Friday Blast #17
Ask HN: What language agnostic programming books should I read? (2017) - A Hacker News discussion with loads of good titles. I’d go so far as to say that most good tech books are independent of the technology itself and present timeless bits of knowledge.
Debugging PostgreSQL performance the hard way (2016) - good advice for any SQl debugging session. Start with the “obvious” stuff like system-level metrics and work your way down to individual slow queries.
Robust user interfaces with finite state machines (2017) - this is really a wonderful article and a good example of how knowing a little bit of theory can make building things that much easier. The idea is that you should be explicit about the state structure of your UI, since it’ll result in easier to reason code. I can attest from my own experience that that’s the case. Modern web frameworks like Angular, Vue and React as well as the Android and iOS platforms make thinking about your UI in these terms much easier than the “old” days of the web or old-timey Win32 programming.

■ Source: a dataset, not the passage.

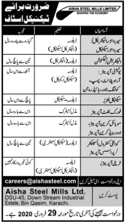 Aisha Steel Mills Ltd. Urgent Staff Required for Tecnical work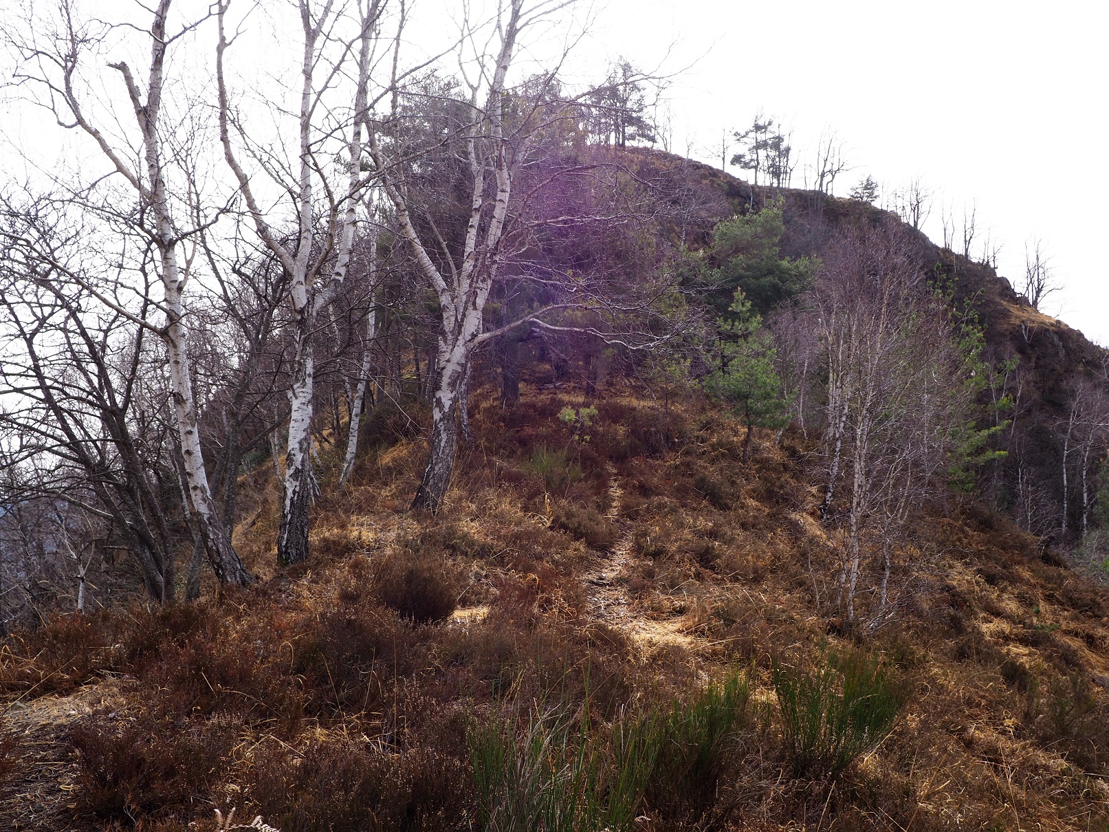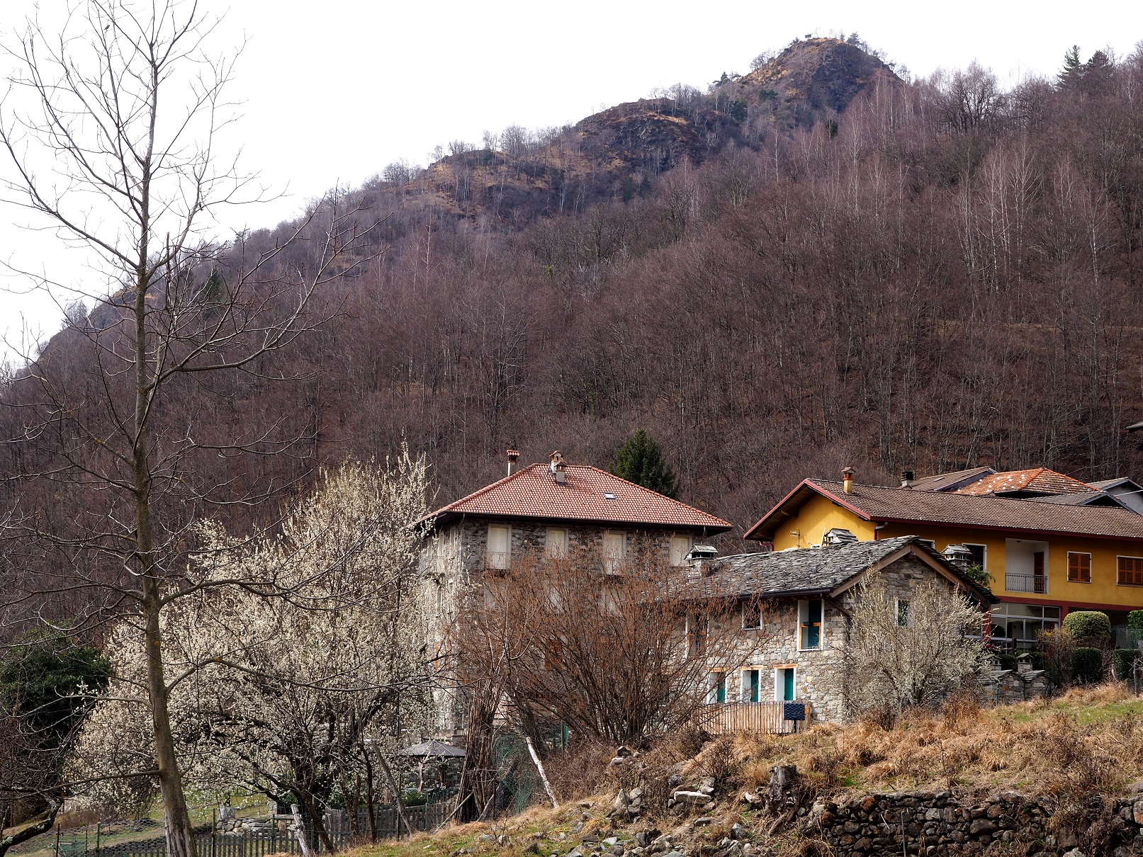 Dal parcheggio si ritorna verso la chiesa parrocchiale ma, appena prima di raggiungerla, si prende la mulattiera a sx (segnavia 572). Superate le case del paese, si entra nel bosco e si percorre l’evidente sentiero che transita nei pressi di numerosi edifici rurali, per la maggior parte in cattivo stato. Giunti alla spianata del Prà della Sella, si abbandona momentaneamente il sentiero e si sale a dx su traccia all’inizio molto incerta, poi decisamente più evidente, in direzione di una zona rocciosa che si aggira stando lievemente a dx. Ci si porta sulla cresta, ora pianeggiante, per poi affrontare l’ultimo ripido ma breve strappo che conduce alla panoramica sommità (m.1055, 15′ dal Prà della Sella, 1h 20′ dalla partenza). Tornati al sentiero, si prosegue su tracciato ora un po’ meno evidente e ostruito in alcuni punti da alberi caduti, fino alle Case di Colla, dove si lascia a dx una prima diramazione del sentiero 572a per proseguire diritti e giungere in breve a Sassello. Si scende per pochi metri la strada asfaltata che raggiunge il borgo e a un tornante si prende a sx una sterrata sbarrata da una catena che in breve ci porta a raggiungere il Santuario della Madonna del Tizzone, meta di pellegrinaggi. Tornati brevemente sui nostri passi, si scende a sx (cartello) raggiungendo in breve dapprima Brugaro e poi Brugarolo. Entrati in quest’ultimo abitato, si prende a dx il segnavia 573 per Giavinali (Cravagliana). Si procede nuovamente nel bosco alternando tratti pianeggianti a brevi strappetti, su tracciato incerto e infestato da numerosi alberi caduti, superando anche un punto in cui il sentiero è franato, fino a giungere in una zona dove si passa tra alcune piccole pareti rocciose. Un’ultima salitina porta a un punto più aperto da dove in breve si scende al Laghetto di Cravagliana, in realtà poco più di una pozza. Si prosegue in marcata discesa all’interno di un canalone erboso oramai in vista di Cravagliana, per poi andare a dx su terreno ora decisamente meno impegnativo e portarsi sulla SP9 della Val Mastallone nei pressi delle case di Giavinali. Si risale la provinciale per 300 metri e si torna all’auto. Tempo complessivo 3h 30’/4h; difficoltà E/EE.

Software 2.0 (2017) - an article about machine learning and neural networks in particular and where they belong in the grand scheme of software development. I think naming them as software 2.0 is a much too early call. Perhaps software 1.1 or 1.5. Right now they’re just good tools for particular subproblems such as image recognition or audio synthesis. But it’s going to be a long way ‘till you can write a text processor through a neural network.
Hash chain (2017) - a wikipedia entry for a neat idea for authentication without actually sending the password on the wire for each attempt. The gist is that the client and server agree on a common count \(k\) and the server stores the password hashed \(k\) times. For the first auth the client sends the password hashed \(k-1\) times, and the server computes the \(k\)th one and compares it with its own value to allow auth or not. On the next attempt the count is decremented by \(1\), with the server storing the hash it has received from the client for later user. No password is sent over the wire, and if anybody easedrops on what is sent, they’ll have no use for it since it won’t be used a second time. The client need not store \(k\), since it can receive it from the server at the start of the auth session, so there’s no complex state to synchronize.
Statistical mistakes and how to avoid them (2016) - this is more a call to use statistical tools such as scalar descriptive stats and tests when reporting results of any kind in computer science, than anything else. You should do it though.